Но у людей тоже есть слабости. Например, так называемое «предубеждение автоматизации», которое относится к тому факту, что люди чрезмерно доверяют автоматизированным инструментам принятия решений. Часто машинам доверяют слепо. Более того, если машина действует автономно, возникает вопрос, кто на самом деле несет ответственность за ее действия: разработчик и производитель машины, командир или даже сама машина?
Согласно международному гуманитарному праву, ответственность лежит на командире. Однако, хотя этот вопрос, кажется, решен, все еще существуют правовые проблемы. Не существует международного соглашения, например, соглашения по ядерному оружию, которое единообразно регулировало бы автономные системы вооружения. Законодательство в этом отношении является обязанностью отдельных государств. Закон ЕС об ИИ также выявляет пробелы в регулировании автономных систем вооружения.
Эти все еще решенные этические и правовые проблемы приглашают к созданию угрожающих вымышленных сценариев. Например, говорят о поле битвы сингулярности, своего рода гипервойне, в которой решения принимают только машины, что приводит к полностью автоматизированной войне.
Однако возможность такого сценария весьма сомнительна. Согласно Клаузевицу, война всегда проста и логична на бумаге. Применение максимальной силы достаточно для подавления противника. В крайнем случае ИИ будет использоваться беспощадно, без всякого ручного тормоза.

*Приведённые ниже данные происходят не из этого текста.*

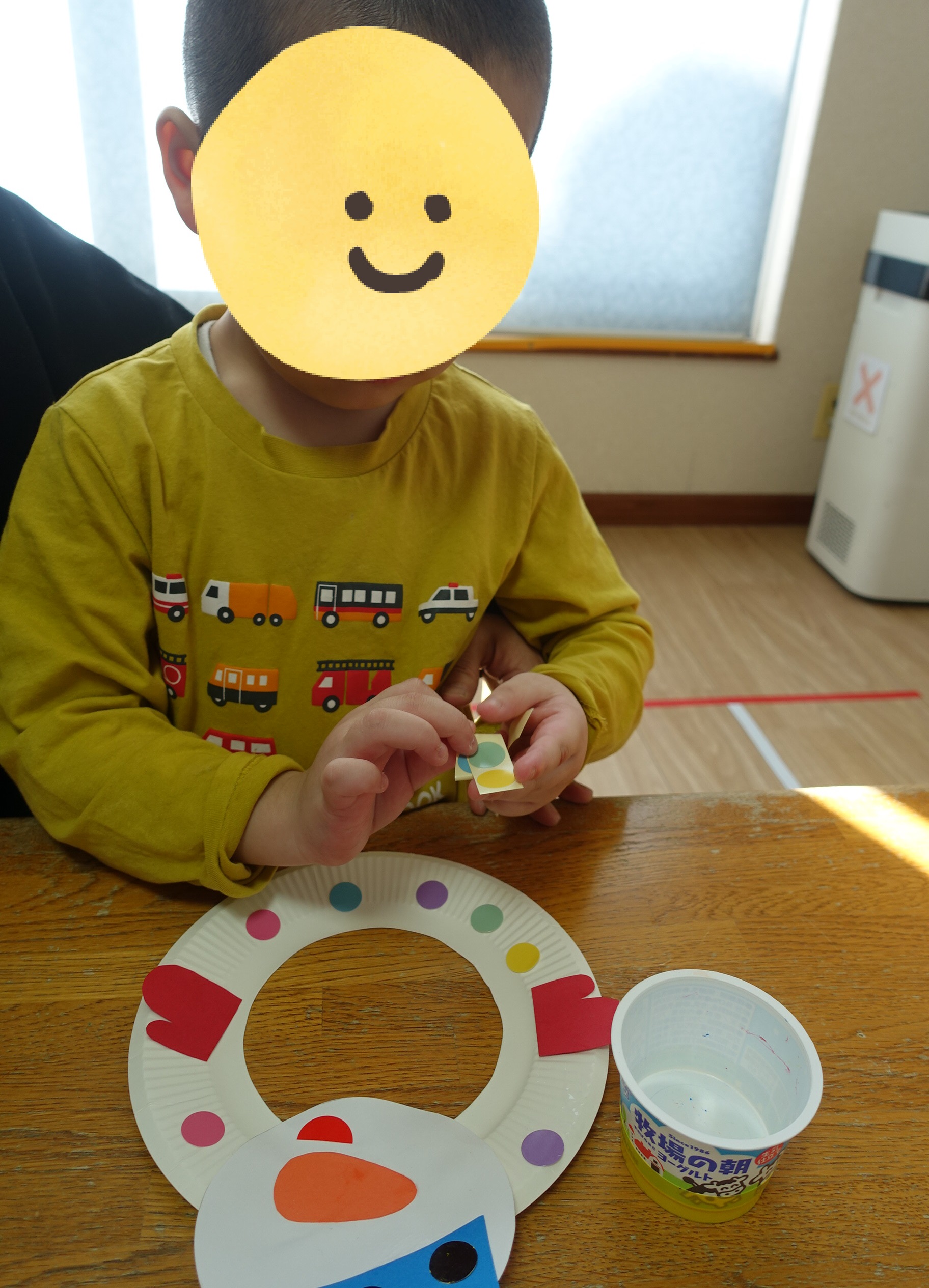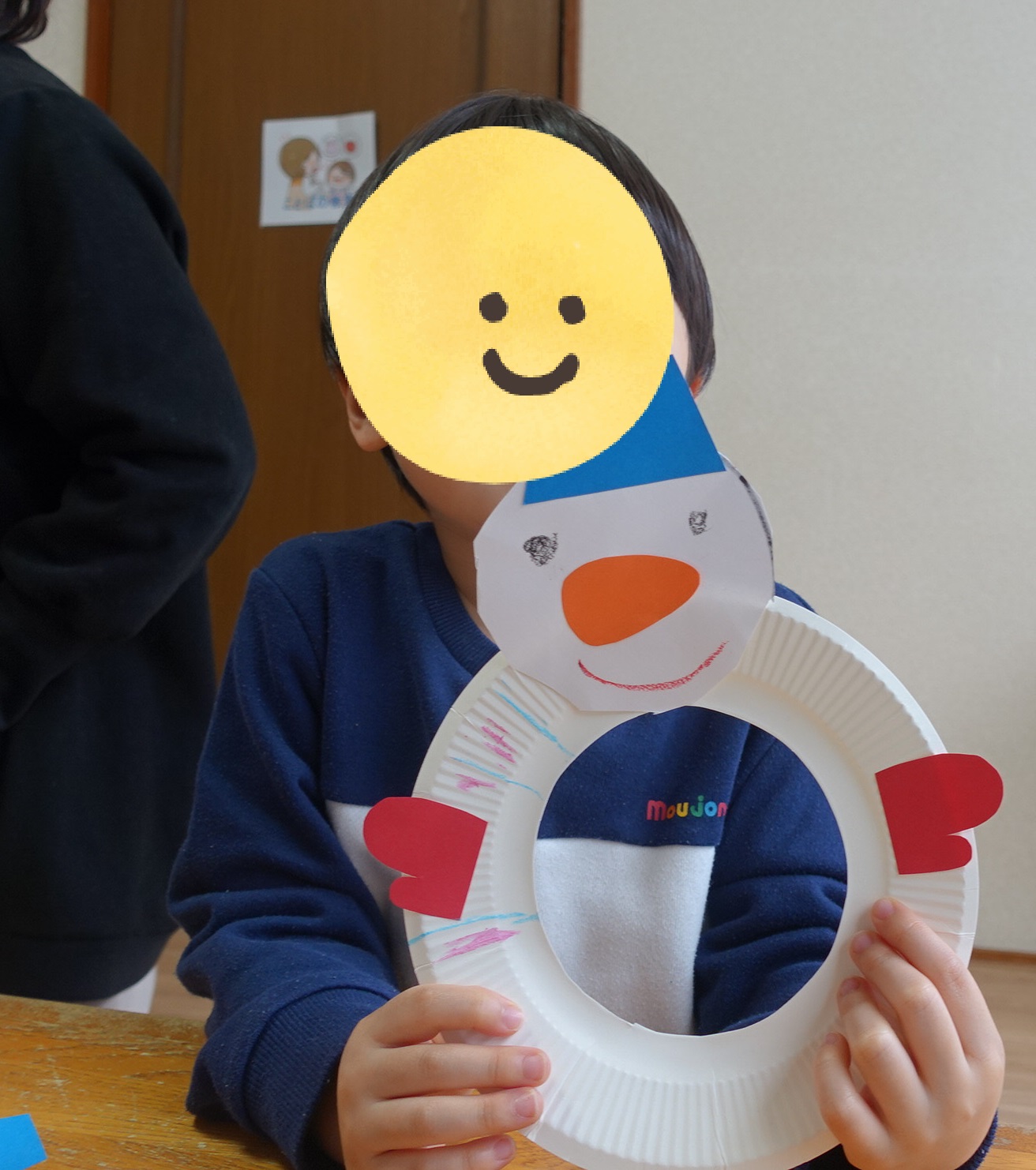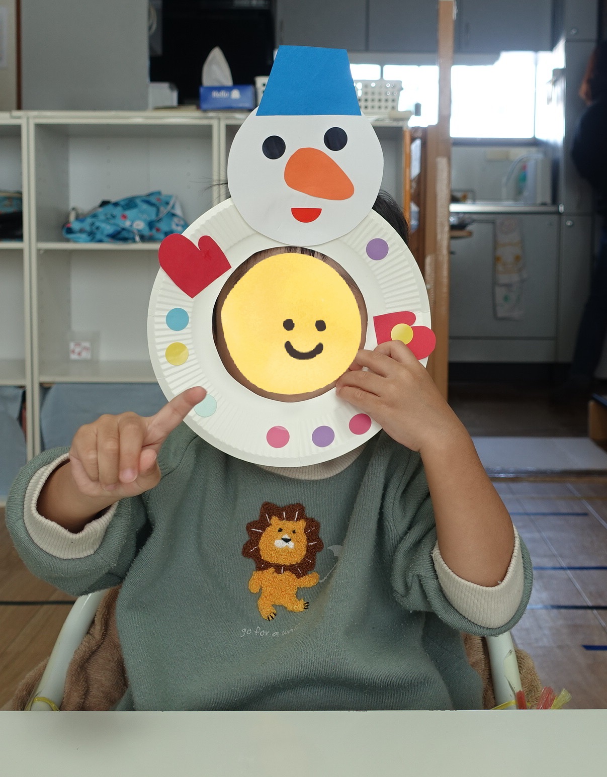最後はシールで自由に飾り付けをし、可愛らしい雪だるまが完成しました🎵

В реальности, однако, все обстоит иначе. Война характеризуется незнанием и неизвестностью, совпадениями и случайностями. Туман окутывает войну, постоянно возникают новые трения, возникает сопротивление, задерживающее реализацию планов: недоразумения, погода, опасности, ошибки.
Нет ничего опаснее войны; ее ход всегда остается непредсказуемым. Неконтролируемая эскалация вредит собственным рядам и политическим интересам. Сингулярное поле битвы было бы военным, политическим и социальным самоубийством — как и ядерная война со стратегическим ядерным оружием.
Опасности ИИ реальны, они уже существуют и будут увеличиваться в будущем. Однако ни характер, ни форма войны в настоящее время не кажутся существенно измененными ими. Скорее, ИИ будет интегрирован в существующие тактические процедуры и этические и правовые нормы.
Если Эрик Шмидт, в частности, хочет увидеть изменение формы или характера войны, то это, вероятно, потому, что его новый стартап White Stork специализируется на военных дронах с искусственным интеллектом. Его интерес заключается в вооружении и максимизации прибыли. Однако он прав в том, что искусственный интеллект останется в армии.
Оливье Дель Фаббро работает старшим ассистентом на кафедре философии в ETH Zurich. Его интересы включают сложные системы и искусственный интеллект, философию медицины и философию войны.